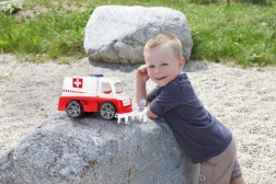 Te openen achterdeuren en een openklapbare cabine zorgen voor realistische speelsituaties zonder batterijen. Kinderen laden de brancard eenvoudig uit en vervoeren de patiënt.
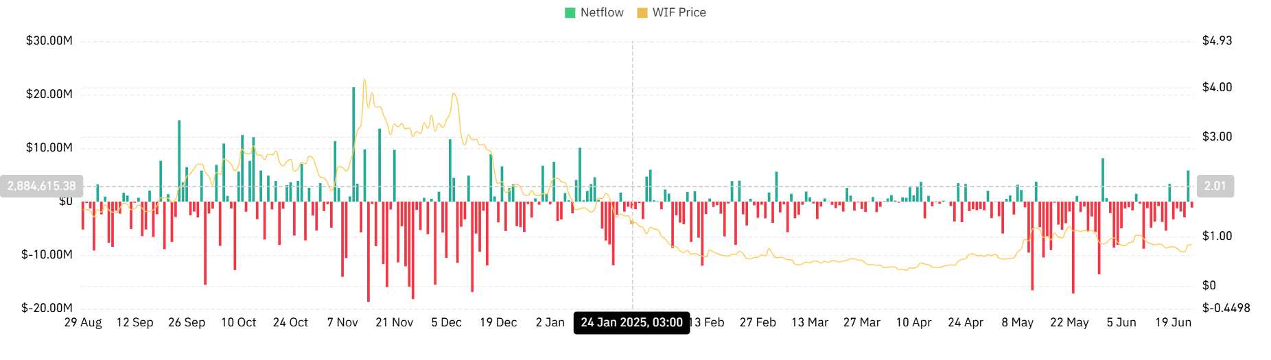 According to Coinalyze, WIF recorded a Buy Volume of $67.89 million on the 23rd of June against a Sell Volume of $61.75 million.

==

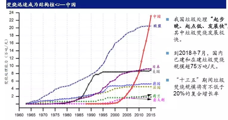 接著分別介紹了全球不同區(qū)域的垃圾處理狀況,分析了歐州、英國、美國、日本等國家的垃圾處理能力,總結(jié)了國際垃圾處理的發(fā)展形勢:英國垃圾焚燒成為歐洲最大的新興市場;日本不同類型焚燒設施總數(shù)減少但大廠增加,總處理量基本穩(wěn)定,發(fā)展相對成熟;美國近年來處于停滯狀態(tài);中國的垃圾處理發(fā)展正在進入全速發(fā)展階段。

==

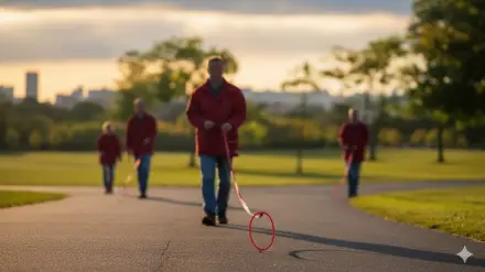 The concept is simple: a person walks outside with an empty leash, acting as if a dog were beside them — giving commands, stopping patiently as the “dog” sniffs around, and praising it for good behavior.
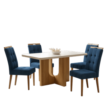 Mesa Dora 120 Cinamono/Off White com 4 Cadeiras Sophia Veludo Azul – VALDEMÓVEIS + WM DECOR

DIRECTIONS FOR THIS TASK:
Output exactly, and only, the lines of the entries above from the one with "Te openen achterdeuren" up to and including the one with "According to Coinalyze, WIF"; pictures are to be left out.

WORKED SOLUTION:
 Te openen achterdeuren en een openklapbare cabine zorgen voor realistische speelsituaties zonder batterijen. Kinderen laden de brancard eenvoudig uit en vervoeren de patiënt.
 According to Coinalyze, WIF recorded a Buy Volume of $67.89 million on the 23rd of June against a Sell Volume of $61.75 million.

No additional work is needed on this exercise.